I’ve never given birth. But I have a sneaking suspicion that the answer to these questions isn’t really “No, it’s not the same,” but more like, “Are you out of your ever-loving mind????” “Renting a uterus” means paying a woman to undergo a biological process that is designed–or evolved, or whatever, it really doesn’t matter–to produce emotions of bonding, mother-love, and intense, tigress-like passion for her baby. But the surrogate mother is expected to repress this tidal wave of emotion as easily as if she were turning off a tap. Because she’s not really the child’s parent. Because she and the people who recruited her didn’t want her to be the child’s parent, and she put her signature on some papers. The people who recruited her are the real parents, because they “conceived” the child–they thought it up. She merely provided temporary housing and DNA.

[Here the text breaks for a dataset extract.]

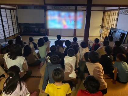 今日最後のプログラムは、ナイトハイクを予定していましたが、曇り空で星が見えません。残念ながら、プログラムを変更して広間で映画鑑賞をしました。

How can we rely on ferocious, constant, necessary mother-love–the fact that women usually fall in love with their babies–to sustain society, but then expect surrogate mothers to shut it off because they signed a contract saying they would?
How is attempting to base family life on contract any better than Antioch “Can I unbutton your top button? What about the next one?” College’s attempt to base heavy petting on contract? Obviously, sometimes contract-type arrangements are needed to form families–adoption papers are the most obvious example. But isn’t that contract-model a sign that something’s broken down in the family, a last resort done for the best interests of the child, not a model that we should emulate in cases where the best interests of the child clearly aren’t the driving force (since no child even exists before the surrogate contract is signed)?